In 2017, ten million people fell ill with TB – and 1.6 million died from the disease. In the same year, there were an estimated 558,000 new cases of drug-resistant infections. New treatment strategies are urgently needed to improve this already drastic scenario. TB is caused by Mycobacterium tuberculosis (Mtb), which spreads through the air. If a person breathes in tiny aerosols containing the bacteria, these can penetrate deep inside their lungs. Immune cells called macrophages usually act as the body’s first line of defence by engulfing and destroying harmful pathogens. But instead, Mtb can infect, survive and multiply inside these cells – making the disease particularly challenging to treat.
People with TB are usually given a powerful combination of oral antibiotics over several months. But this provides an opportunity for drug-resistant strains to emerge, particularly as people often do not complete the full course of treatment. Combining antibiotics with other drugs known as efflux transporters can help shorten treatment, reducing the likelihood of drug resistance. These work by increasing the concentration of antibiotics within infected macrophages. However, they can cause serious side effects in other parts of the body, hindering their usefulness. Over recent decades, researchers have been searching for ways to deliver treatments straight into the lungs. By targeting drugs directly to the infected macrophages, this could increase their effectiveness, reduce the likelihood of resistance. While at the same time, protect other parts of the body from unwanted side effects.

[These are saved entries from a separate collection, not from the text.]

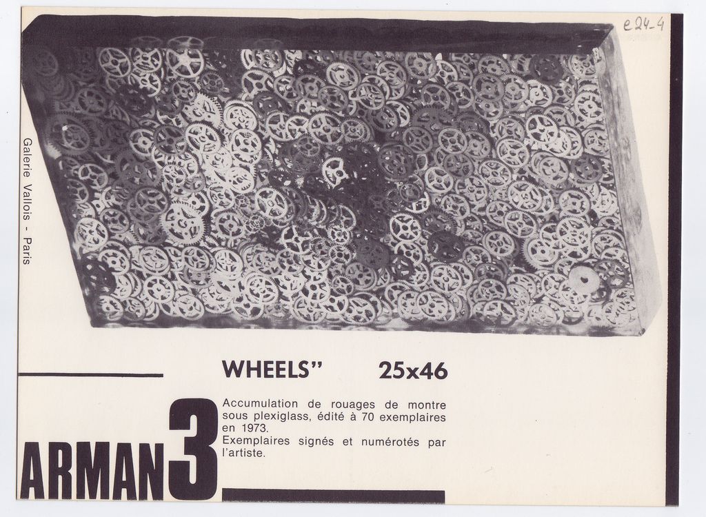 Έντυπο, στα γαλλικά, χαρτόνι, δύο όψεις, 16,0×12,0 εκ. Κάρτα με αναπαραγωγή έργου του εικαστικού καλλιτέχνη Arman. Στην πίσω όψη, λεζάντα με τα στοιχεία της κάρτας: Galerie Valois. 15rue st.Denis Paris 1er. Imrimerie Serg Ivry. © Galerie Vallois Paris.
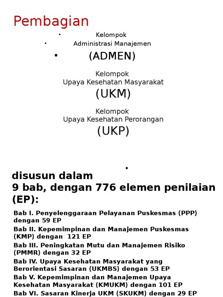 Puskesmas terdiri dari 9 bab, dengan total 776 elemen penilaian.
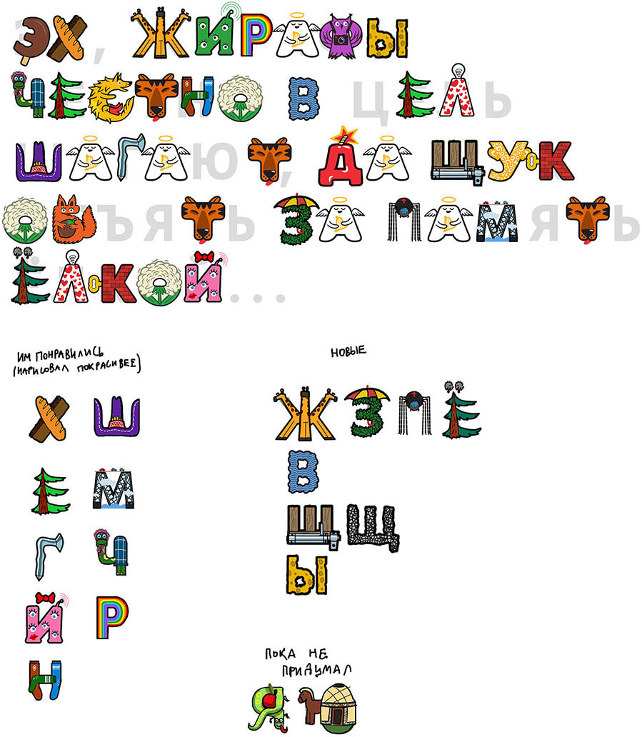 Designer: I’ve hit a block with the Ю. The only words I know that start with Ю are teepee, whipping top, skirt and south.

In a new study, published in Pharmaceutics, researchers were aiming to develop a new inhalable powder formulation that can target drugs to infected macrophages in the lungs.1 The researchers efficiently loaded sodium hyaluronate sub-micron particles with three drugs already used to treat TB – two antibiotics, rifampicin and isoniazid, and an efflux transporter known as verapamil. They then used spray drying to transform these into highly breathable microparticles – and showed they can regenerate back to their original size upon contact with water and release the drugs in a slow, sustained manner. Finally, they showed that two different formulations – either with or without verapamil - showed antimicrobial activity. They both showed powerful bactericidal effects against antibiotic-susceptible Mtb – and importantly, they were also effective on drug-resistant strains. The researchers used ultrapure water generated from an ELGA Purelab® Flex laboratory water purification system for their experiments, reducing the risk of introducing contaminants that may affect their results.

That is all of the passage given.